» What is required
Without including any pictures, reproduce all the lines below word for word.

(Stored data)
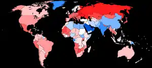 Le sex-ratio pour l'ensemble de la population mondiale est d'environ 101 hommes pour 100 femmes (2021 est. )[7]. Les sex-ratios humains, soit à la naissance, soit dans l'ensemble de la population, peuvent être rapportés de quatre manières : le rapport hommes-femmes, le rapport femmes-hommes, la proportion d'hommes ou la proportion de femmes. S'il y a 108 000 hommes et 100 000 femmes, le rapport hommes/femmes est de 1,080 et la proportion d'hommes est de 51,9 %. La littérature scientifique utilise souvent la proportion d'hommes. Cet article utilise le ratio hommes-femmes, sauf indication contraire.
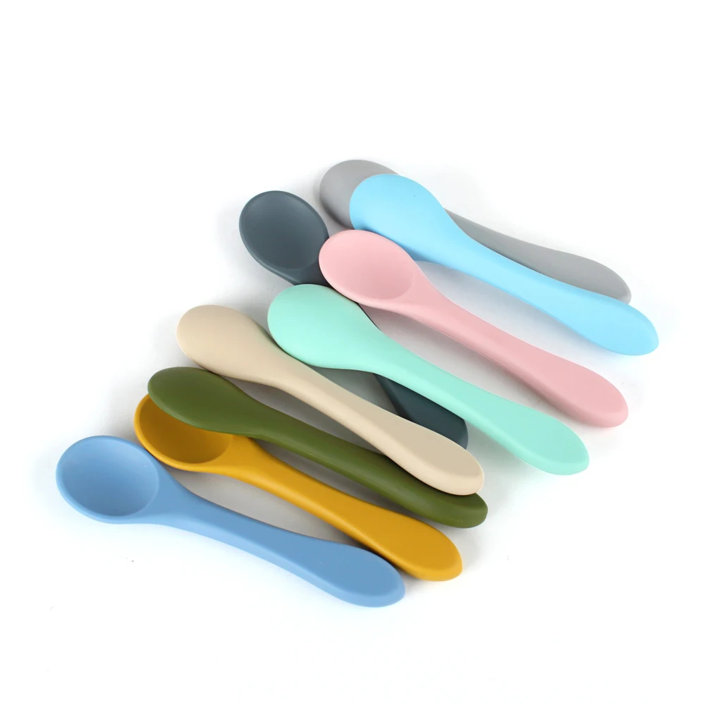 Детские Ложки из мягкого силикона без бисфенола А, безопасная пищевая посуда, однотонная посуда, инструмент для кормления, милая ложка для обучения детей, мальчиков и девочек
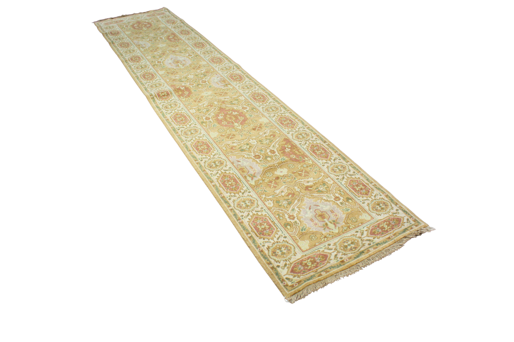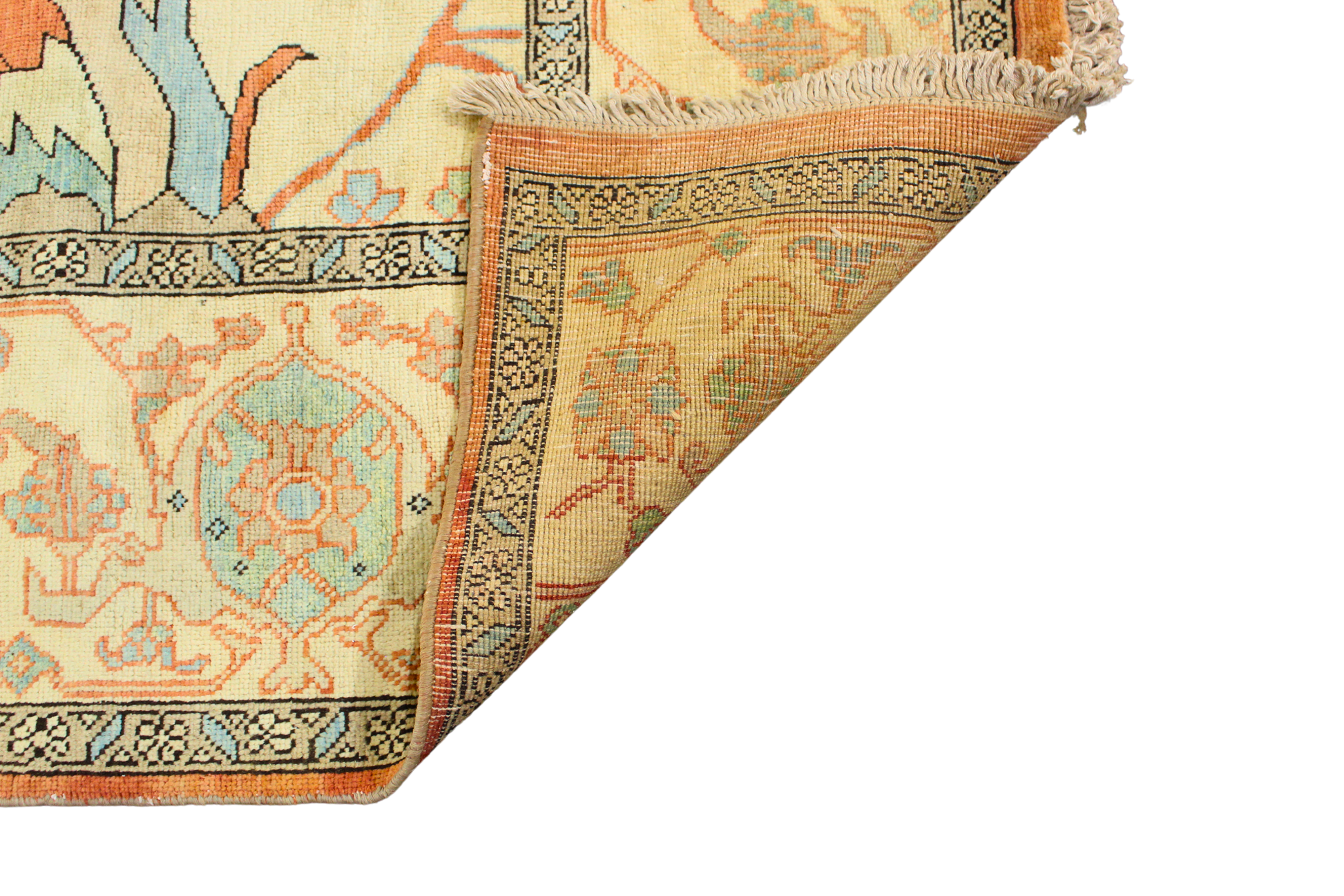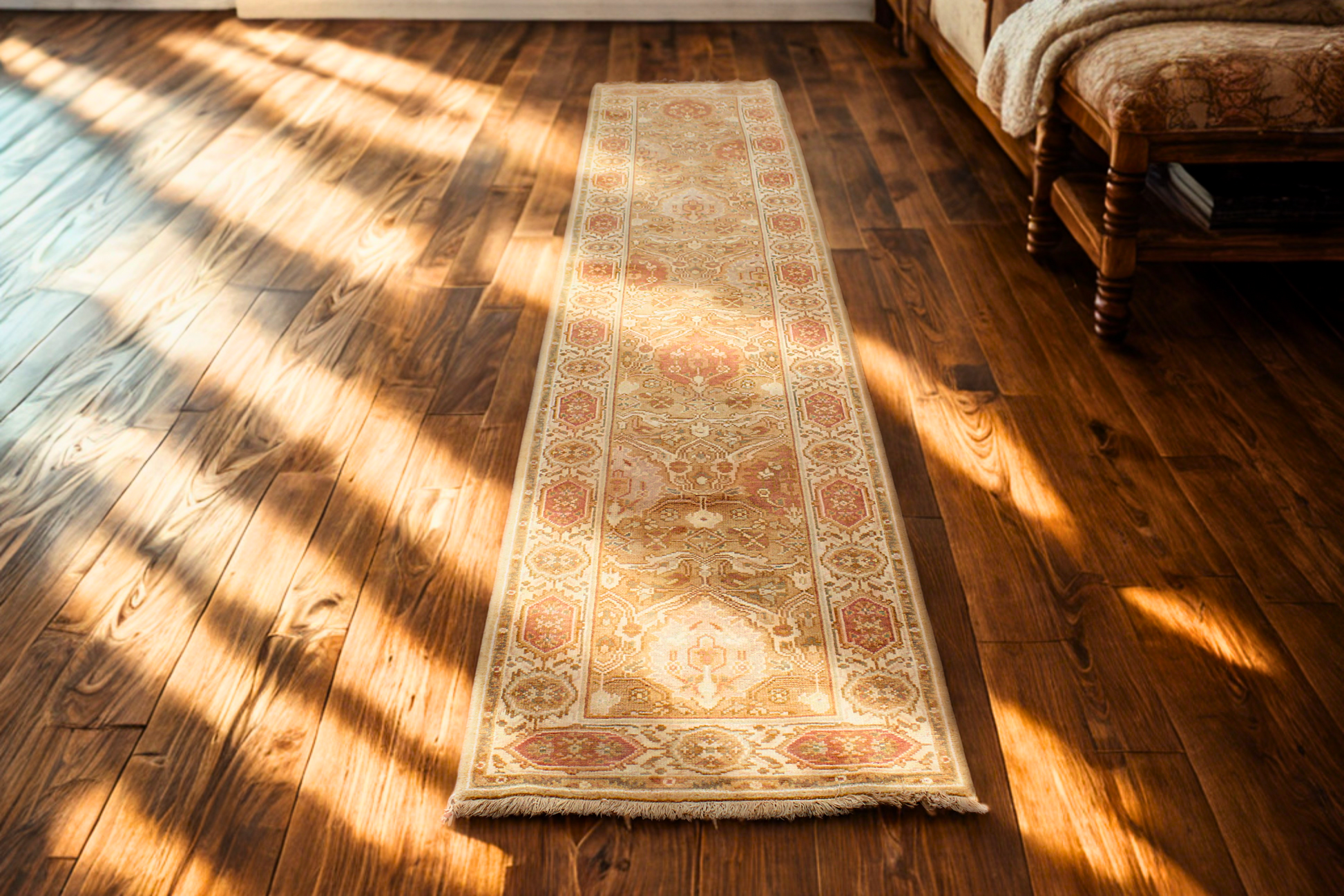 The spacious ivory ground allows the angular motifs to breathe, while the scrolling botanical border offers a striking contrast, tying the composition together with rhythmic movement. At over sixteen feet in length, this substantial runner makes an impressive statement in grand entryways, long corridors, or open transitional spaces, pairing antique authenticity with timeless design.
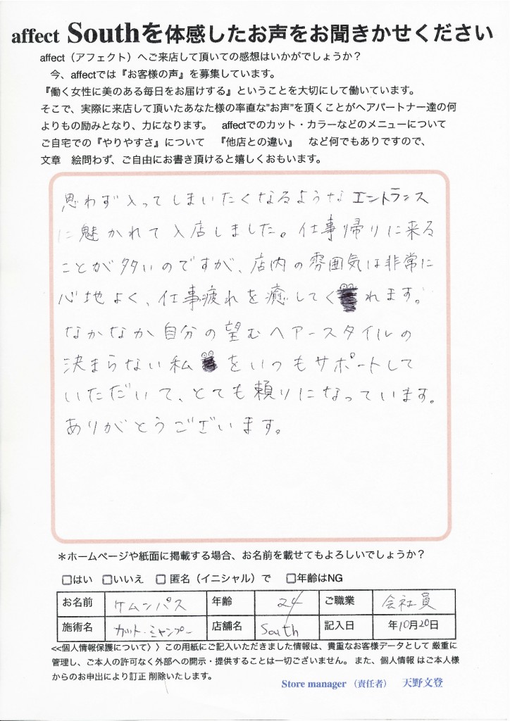 ケムンパス様が感じていただいている癒し・・・これはaffectsouthの大切なテーマです。
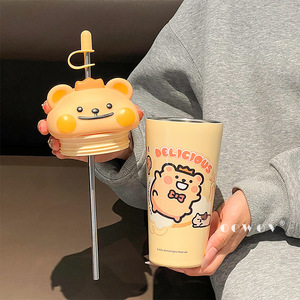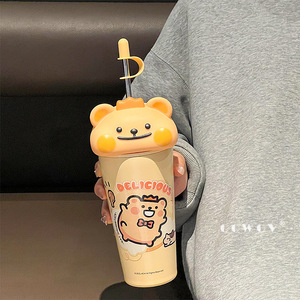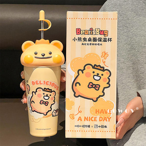 小熊虫吸管保温杯女生2025新款高颜值大容量冰霸水杯子家用办公室
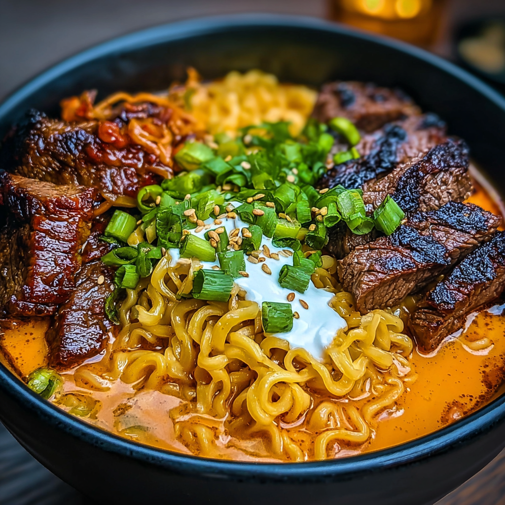 Spicy Korean Ramen with Grilled Beef – Bold and Creamy
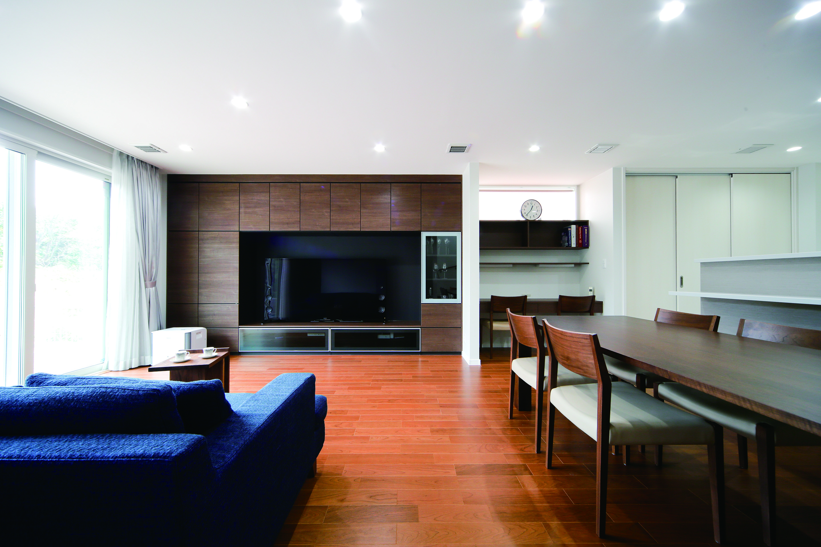 白×木目で統一されたリビング。
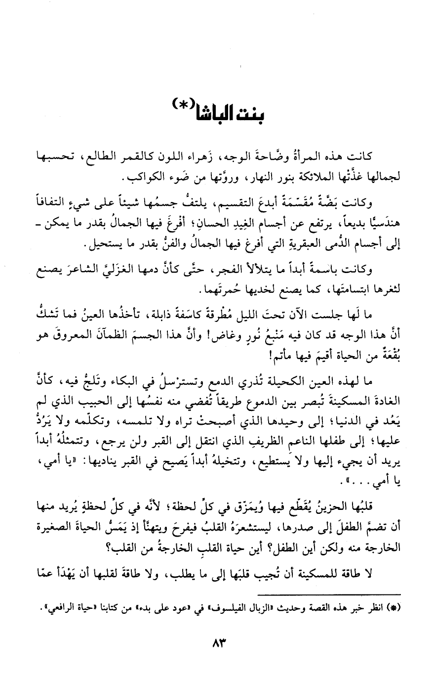 ما لهذه العين الكحيلة تُذري الدمع وتسترسل في البكاء وتلج فيه، كأن الغادة المسكينة تبصر بين الدموع طريقًا تفضي منه نفسها إلى الحبيب الذي لم يعد في الدنيا؛ إلى وحيدها الذي أصبحت تراه ولا تلمسه، وتكلمه ولا يرد عليها؛ إلى طفلها الناعم الظريف الذي انتقل إلى القبر ولن يرجع، وتتمثله أبدًا يريد أن يجيء إليها ولا يستطيع، وتتخيله أبدًا يصيح في القبر يناديها: "يا أمي، يا أمي".
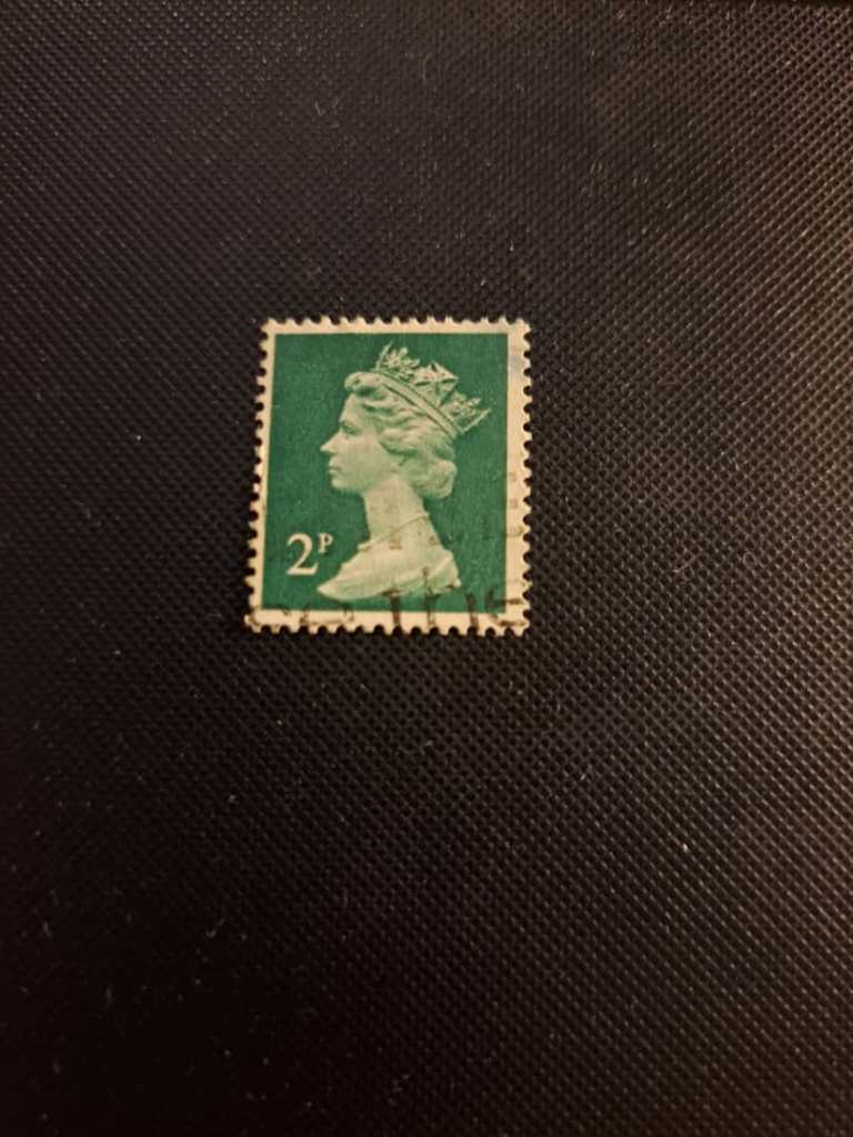 تمبر 2 پنس انگلیس برنگ سبز خاکستری سیر سال 1971
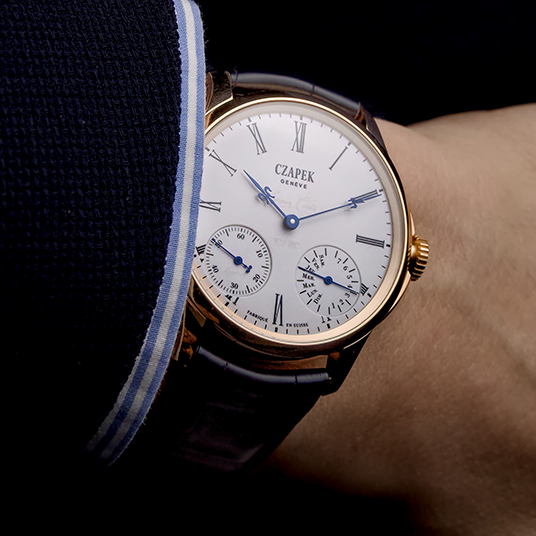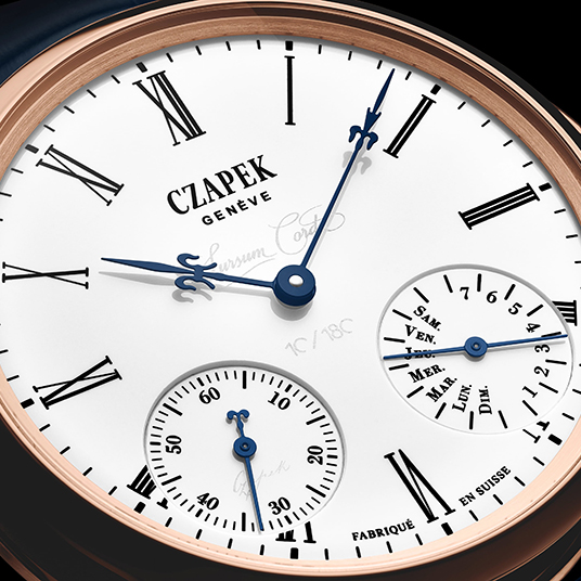 仕様:時・分・秒(スモールセコンド)・曜日表示、パワーリザーブ表示、ホワイトのグランフー・エナメル文字盤、シークレット・センテンス(12時位置に“Sursum Corda”、6時位置に“10/180”)、7時30分位置に“Czapek”のシークレット・シグネチャー、サファイアクリスタルケースバック
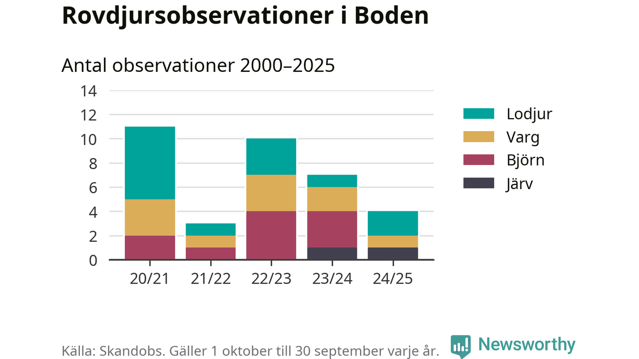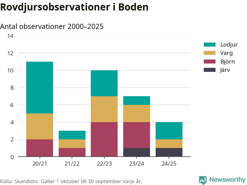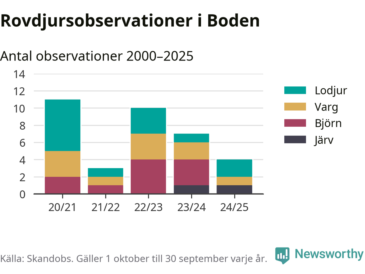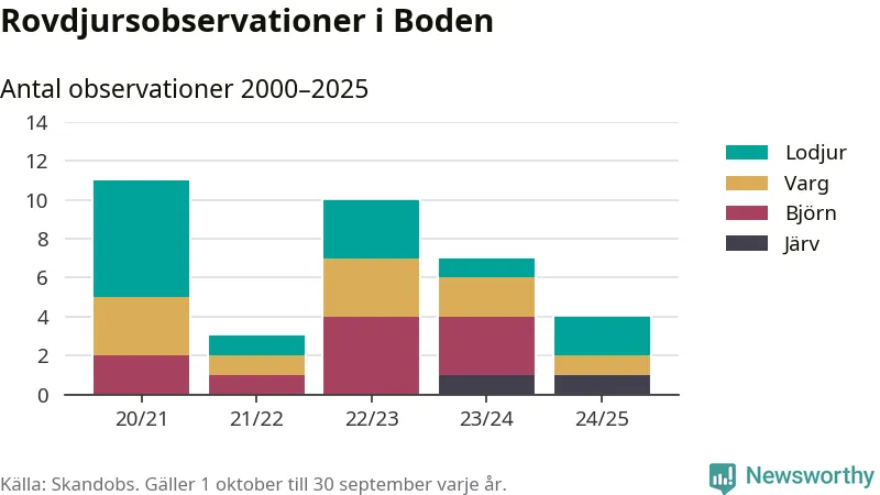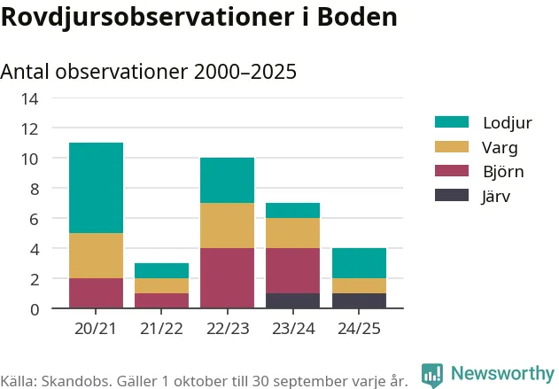 Där kan vem som helst rapportera sina observationer av de stora rovdjuren björn, varg, lodjur och järv. Mellan 1 oktober 2024 och 30 september i år har knappt 10 000 observationer registrerats i landet. Det kan vara synobservationer, foton, spår, spillning, döda bytesdjur eller andra tecken på rovdjursförekomst. I Boden handlar det om totalt fyra observationer av lodjur, järv eller varg.

» Response to the exercise
 Le sex-ratio pour l'ensemble de la population mondiale est d'environ 101 hommes pour 100 femmes (2021 est. )[7]. Les sex-ratios humains, soit à la naissance, soit dans l'ensemble de la population, peuvent être rapportés de quatre manières : le rapport hommes-femmes, le rapport femmes-hommes, la proportion d'hommes ou la proportion de femmes. S'il y a 108 000 hommes et 100 000 femmes, le rapport hommes/femmes est de 1,080 et la proportion d'hommes est de 51,9 %. La littérature scientifique utilise souvent la proportion d'hommes. Cet article utilise le ratio hommes-femmes, sauf indication contraire.
 Детские Ложки из мягкого силикона без бисфенола А, безопасная пищевая посуда, однотонная посуда, инструмент для кормления, милая ложка для обучения детей, мальчиков и девочек
 The spacious ivory ground allows the angular motifs to breathe, while the scrolling botanical border offers a striking contrast, tying the composition together with rhythmic movement. At over sixteen feet in length, this substantial runner makes an impressive statement in grand entryways, long corridors, or open transitional spaces, pairing antique authenticity with timeless design.
 ケムンパス様が感じていただいている癒し・・・これはaffectsouthの大切なテーマです。
 小熊虫吸管保温杯女生2025新款高颜值大容量冰霸水杯子家用办公室
 Spicy Korean Ramen with Grilled Beef – Bold and Creamy
 白×木目で統一されたリビング。
 ما لهذه العين الكحيلة تُذري الدمع وتسترسل في البكاء وتلج فيه، كأن الغادة المسكينة تبصر بين الدموع طريقًا تفضي منه نفسها إلى الحبيب الذي لم يعد في الدنيا؛ إلى وحيدها الذي أصبحت تراه ولا تلمسه، وتكلمه ولا يرد عليها؛ إلى طفلها الناعم الظريف الذي انتقل إلى القبر ولن يرجع، وتتمثله أبدًا يريد أن يجيء إليها ولا يستطيع، وتتخيله أبدًا يصيح في القبر يناديها: "يا أمي، يا أمي".
 تمبر 2 پنس انگلیس برنگ سبز خاکستری سیر سال 1971
 仕様:時・分・秒(スモールセコンド)・曜日表示、パワーリザーブ表示、ホワイトのグランフー・エナメル文字盤、シークレット・センテンス(12時位置に“Sursum Corda”、6時位置に“10/180”)、7時30分位置に“Czapek”のシークレット・シグネチャー、サファイアクリスタルケースバック
 Där kan vem som helst rapportera sina observationer av de stora rovdjuren björn, varg, lodjur och järv. Mellan 1 oktober 2024 och 30 september i år har knappt 10 000 observationer registrerats i landet. Det kan vara synobservationer, foton, spår, spillning, döda bytesdjur eller andra tecken på rovdjursförekomst. I Boden handlar det om totalt fyra observationer av lodjur, järv eller varg.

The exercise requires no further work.